Leonardo da Vinci


Great Mind

In keeping up with my interest in Italian food and culture I decided to write this article about one of the greatest painters of the Italian Renaissance.  Leonardo di ser Piero da Vinci was born in Vinci, Florence on April 15, 1452 illegitimately to Ser Piero di Antonio da Vinci and a peasant woman named Caterina.

His body of work encompass paintings, sketches, sculptures and inventions that truly epitomizes the idealism of the Renaissance.  His  "Last Supper" (1495-97) and "Mona Lisa" (1503-06) were among the most influential paintings of their time. At the age of fifteen, Da Vinci began studying under the renown Florentine painter and sculptor Andrea del Verrocchio.  There he  developed his artistic ability and began incorporating his passion for science and anatomy into all of his works which differentiated him from other artists of his time.

As far as food is concerned, not much has been written on Da Vinci's eating habits, though some of his writings indicate he may have been a vegetarian.   There has always been discussions as to what was served at the Last Supper.  According to Da Vinci's "Last Supper",  there was plenty of bread, wine and fish and some say looks like  a plate full of eel with oranges.  This is  something Christ may not have eaten but it was a popular meal during the Renaissance period.

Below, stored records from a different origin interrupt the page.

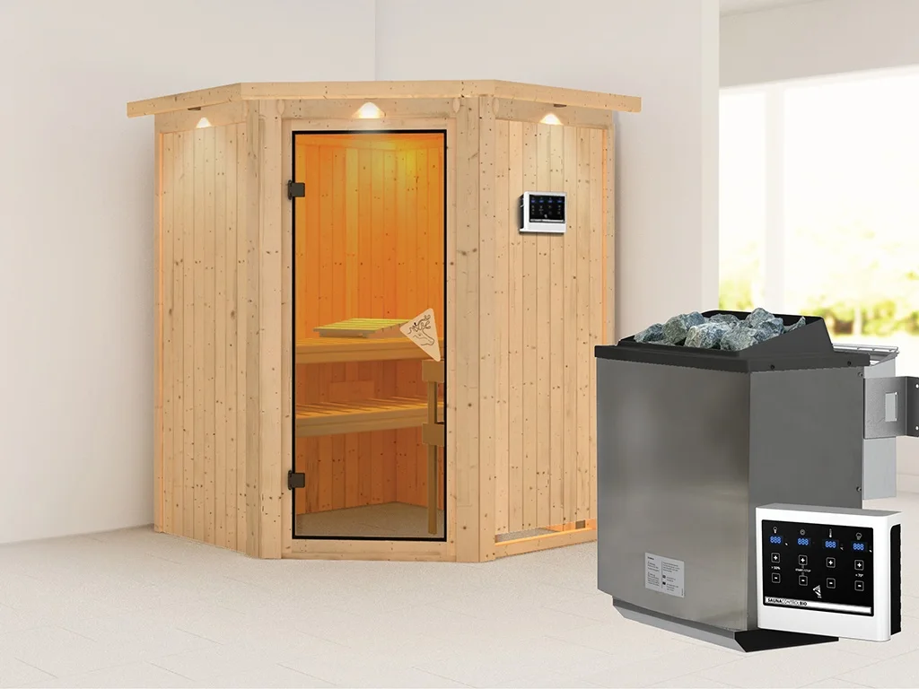 Sauna Systemsauna Larin mit Dachkranz, inkl. 9 kW Bio-Ofen mit externer Steuerung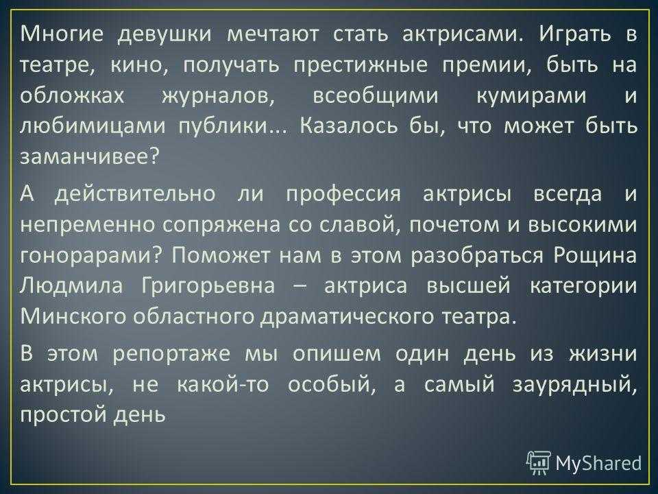 Многие девушки мечтают стать актрисами. Играть в театре, кино, получать престижные премии, быть на обложках журналов, всеобщими кумирами и любимицами публики… Казалось бы, что может быть заманчивее ? А действительно ли профессия актрисы всегда и непременно сопряжена со славой, почетом и высокими гонорарами ? Поможет нам в этом разобраться Рощина Людмила Григорьевна – актриса высшей категории Минского областного драматического театра. В этом репортаже мы опишем один день из жизни актрисы, не какой — то особый, а самый заурядный, простой день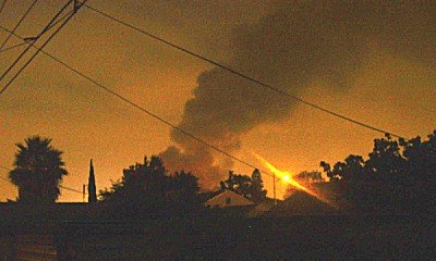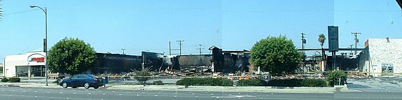 I kept hearing sirens outside last night. It was about 11:00pm. They were coming from all directions and sounded pretty close. I peeked out the kitchen window and noticed the column of smoke. I walked to the end of the block and tried to make out where it was coming from. It seemed like it was the commercial corridor along a busy street several blocks north. I was hoping it wasn't someone's home. I went out into the backyard and snapped several pictures of the column of smoke. I could see the glow of the fire and see embers rising in the air. I kept hearing popping noises too. I don't know if it was the windows or what. Next morning, I drove up Rosecrans and saw where the fire had been. It looks like the firemen managed to save the Kragen Auto Parts, which is good. That would be full of chemicals and stuff you wouldn't want burning. And, the Payless Supermarket made it through unscathed. That may be due to the buffer between it and the fire. The buffer being the "vault" part of the Bank of America. You can see the ATM machines in the stone facade. However, the lobby part was gutted. There was a Radio Shack, a 98 cent type store and some other small shops. I don't really remember what else was there. I am hoping to get more information about this. I am curious as to whether it may have been arson.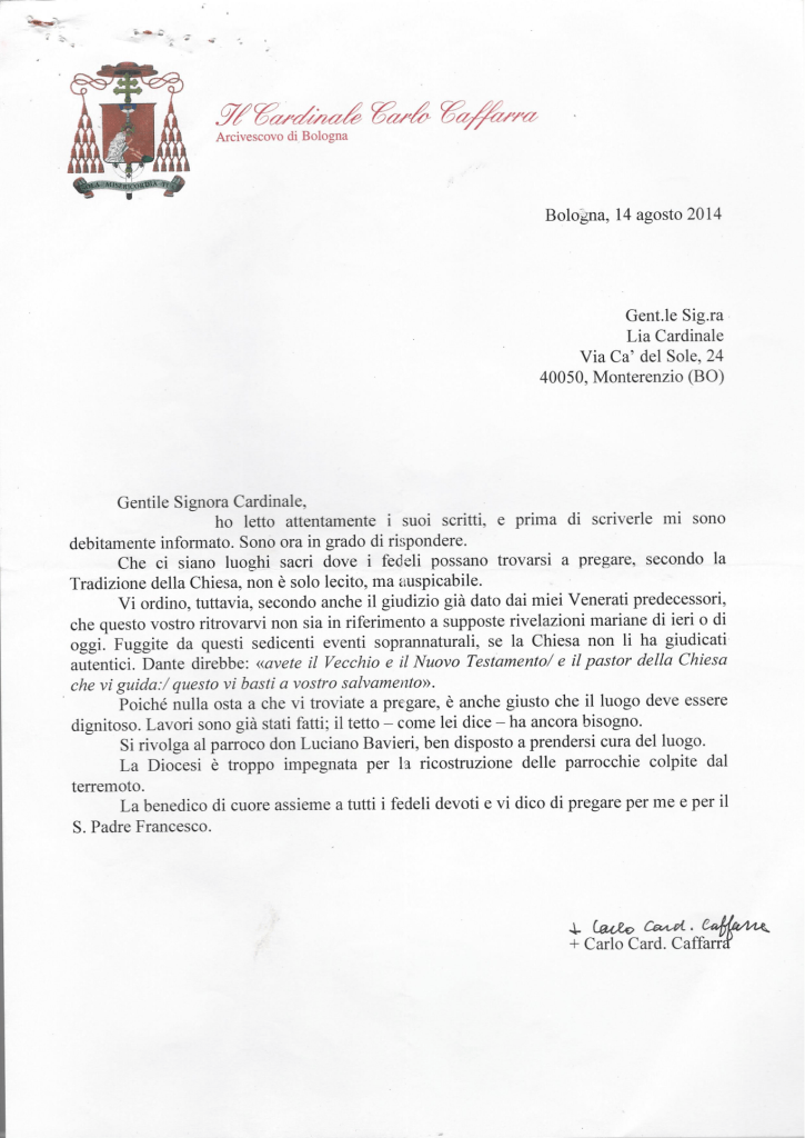 Ancora adesso mi giungono voci di persone che non vengono a pregare al “Casetto” perché non vogliono disubbidire alla Chiesa di Bologna.

Many of us don't realize it, but due to Da Vinci's inventiveness, he has contributed a few things to cooking.  In the "Codex Leicester", which is one of Da Vinci's few remaining notebooks (owned by Microsoft's  Bill Gates), there are descriptions of a design for a meat roasting jack or in todays terms a rotisserie.  This is just one of many ideas he had that  have developed into modern day cooking techniques.

Leonardo Da Vinci died in the year 1518 under the care of the King of France, Francis I, who truly admired him.  He is remembered as one of the greatest men to ever walk the earth.  A true  Renaissance man who evokes pride and honor within all Italian communities.